Risk assessment is a dynamic area that evolves because of new research, knowledge and standards of practice. One needs to remember that risk assessment is not only assessment of the probability of re-offending but also assessment of how risk can be managed.

Recommendations (Hart, 2000; McLean, 1995):

  1. When using risk assessment instruments developed for male offenders, it is unsafe to assume validity and reliability for female offenders. It is not recommended that instruments without female norms are used.
  2. Use the limited research on female offenders to formulate a risk statement incorporating static and dynamic risk factors, rather than (altering) male-based risk assessment tools and programmes based on experience and feedback from participants.
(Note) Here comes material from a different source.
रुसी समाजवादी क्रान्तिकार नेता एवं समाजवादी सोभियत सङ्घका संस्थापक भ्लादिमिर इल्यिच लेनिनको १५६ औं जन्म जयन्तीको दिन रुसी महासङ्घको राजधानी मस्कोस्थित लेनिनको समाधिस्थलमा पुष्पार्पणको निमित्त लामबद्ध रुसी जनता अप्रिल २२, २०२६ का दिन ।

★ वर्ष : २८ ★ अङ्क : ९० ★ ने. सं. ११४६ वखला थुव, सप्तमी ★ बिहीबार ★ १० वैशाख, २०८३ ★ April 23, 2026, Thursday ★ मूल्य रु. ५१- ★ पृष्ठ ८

See Appendix A for details on specific research with female offenders and risk of general recidivism, Appendix B on females and risk of violent re-offending and Appendix C on females and risk of sexual re-offending.
  3.  When using instruments that have been partially validated on female offenders, be cautious. Always make limitations explicit and do not rely on existing cut-off scores. Be aware that the criminogenic needs of women are still not fully understood, that the base rate of serious offending by females is low and that originating factors to offending differ from maintaining factors.
  4. Consider using the Level of Service/Case Management Inventory to assess general recidivism by females as an alternative to existing departmental risk and need assessment measures.
  5. When assessing and interpreting risk factors that are similar for both sexes, include knowledge of the gender differences surrounding the offence (see Steffensmeier and Allan's suggestions on page 7) and the risk factor (e.g. substance abuse and anger), different motives and different understanding of constructs (e.g. violence and psychopathy).
  6. Become familiar with specific factors relevant to female offending from psychological literature (e.g. domestic violence, child abuse sequelae, substance abuse, connectedness) and non-psychological literature (e.g. social work) and keep up to date with research.
  7. Do not offer opinion on how understandable the offender's actions were.
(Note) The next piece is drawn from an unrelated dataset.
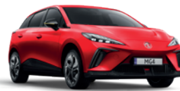
Czerwony „Diamond Red” (trójwarstwowy)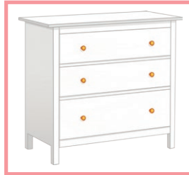
une commode a chest of drawers

  8. Be aware of bias such as blaming the victim, perceiving the women as a passive victim and pathologising female offenders.
  9. Avoid gender-based assumptions of causality that rely on philosophy alone.

    And finally:

  10. Assessment of criminogenic and non-criminogenic needs and responsivity issues, at different time intervals for risk and rehabilitation purposes, is the key in applying a holistic approach to helping female offenders reducing re-offending.

1 In the LSI data were not disaggregated by gender for analysis. Consequently "data of minority groups [such as women] becomes lost in that of the majority" (Blanchette, 2001, p. 50). It is unknown whether this was addressed in the development of gender norms for the LS/CMI.